Pro football cards are similar to those of other sports in that the player’s picture, usually in an action symbolic of his position, is on the front, with the back including their statistics and career achievements. There are several things that contribute to a card’s value, including a player’s popularity, his overall level of success, and the card’s condition. If a player wins a Super Bowl, MVP, is selected for a Pro Bowl, or is in his “rookie” season, the card can become much more valuable.

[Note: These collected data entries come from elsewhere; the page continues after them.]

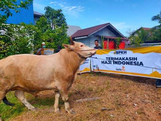 Pontianak - LAZISMU. Idul Adha tahun ini, Lazismu bersama Badan Pengelola Keuangan Haji (BPKH) menyalurkan hewan kurban berupa sapi satu ekor yang pelaksanaan penyembelihannya berlokasi di Dusun Pangkalan Buton, Kecamatan Sukadana, Kabupaten Kayong Utara, Provinsi Kalimantan Barat.
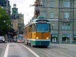 Östgötatrafiken - Sweden Tram type M97 nr. 61 with a low-floor middle section arrives at the tracks in front of thr railway station. Norrköping, 29 June 2004 Digital photo by Marco van Uden |
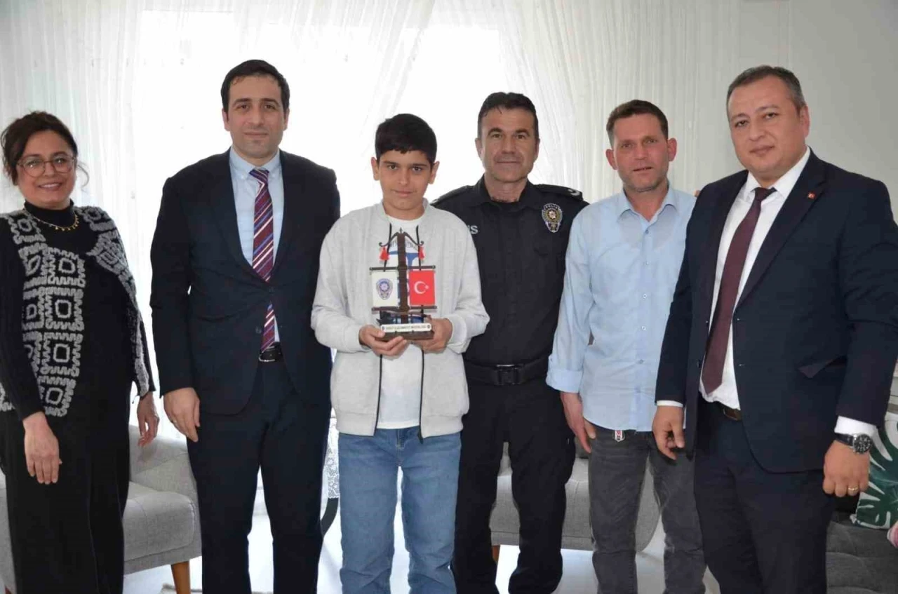 Bilecik’te geçtiğimiz gün bir polis otosunun önünde bulunan Türk bayrağının üzerinin karla kaplı olduğunu görünce eliyle karları temizleyen 8’inci sınıf öğrencisi Mustafa Berke Karabacak’ı kaymakam ödüllendirdi.
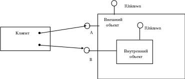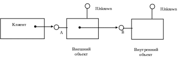 • Внешний объект передает внутреннему объекту указатель на интерфейс IUnknown
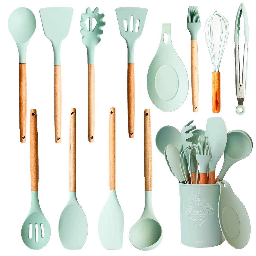 Set de 13 utensilios menta de cocina de silicona con mango de madera
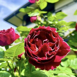 🌹オデュッセイア 花友さんから挿し木でいただきました。ようやく茎もしっかり育ち、花数も増えてきました🙌🏻 深みのある黒赤色から咲き進むと青みも出てきます。 花びらはひらひらとした波状弁咲き、ボリュームもあり、香りは強香でとっても魅力的なバラです❤️ ピンク系が多い私の庭では差し色になっています😍
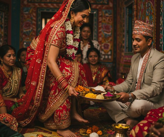 भारत विविधताओं से भरा देश है जहां हर राज्य गांव और समुदाय की अपनी-अपनी संस्कृति और परंपराएं हैं। कुछ परंपराएं हमें गौरव से भर देती हैं तो कुछ ऐसी भी होती हैं जिन्हें जानकर हम चौंक उठते हैं। ऐसी ही एक अनोखी परंपरा देखने को मिलती है थारू जनजाति में जहां एक नई दुल्हन अपने पति को खाना हाथ से नहीं बल्कि पैर से परोसती है (Tharu Tribe Wedding Ritual)।
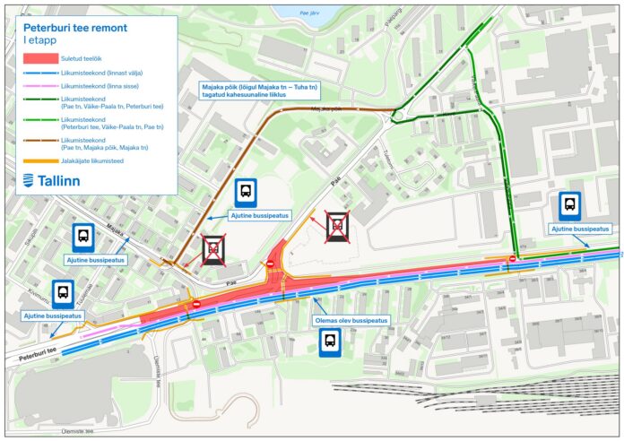 Ehitustööde ajal kehtib liikluses 2+1 süsteem: kaks rada linnast välja, üks rada kesklinna poole. Tööde käigus säilib ka ühistranspordi liiklus, kuid liinide töö võib olla ümber korraldatud. Tööd on kavandatud nõnda, et sel sügisel algavad tööd lõigul Majaka – Väike-Paala kesklinna suunal; järgmisel aastal algavad ehitustööd lõigul T1 kaubanduskeskus kuni Majaka trammipeatus Lasnamäe suunal. Peterburi teel asuvate bussi ootepaviljonide asukohti muudetakse ajutiselt. Autoomanikud ning ühistranspordi kasutajad peaksid arvestama, et tööde algfaasis võib sõiduaeg pikeneda mitme minuti võrra, eriti tipptunnil.
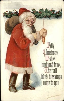 CHRISTMAS Santa and Holly c1910 Embossed Postcard
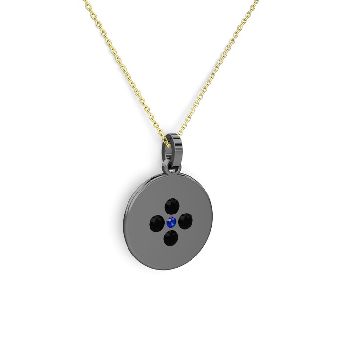 Lab safir ve siyah zirkon 925 ayar siyah rodyum kaplama gümüş kolye (40 cm altın rolo zincir)

Pro football trading cards, unlike pro baseball cards, are not nearly as popular among the sport’s fans nor are they collected at as early an age. Thus, it makes sense that the cards are most often bought, sold, and traded in areas in and around those where pro football teams are located. Most individuals do not worry about amassing huge, incredibly valuable collections of cards, but rather focus on obtaining a few of their favorite teams and players, especially during years of unusual or consistent success.
Because card printing technology was not as technologically advanced before 1980, cards produced before that year are significantly more valuable than those made after that date. Because a card’s condition weighs heavily on its value, most collectors keep their cards safe in plastic protectors, ranging from 3 x 3 plastic sheet holders that fit in a binder, to smaller individual holders for more valuable cards.
Because football is more popular than baseball, and less people have pro football trading cards than baseball cards, many people speculate that they have the potential to become much more valuable. However, most cards show the players in action and wearing their helmets, making it difficult for most people to recognize players outside of a select few superstars, thus discouraging cards from becoming incredibly valuable.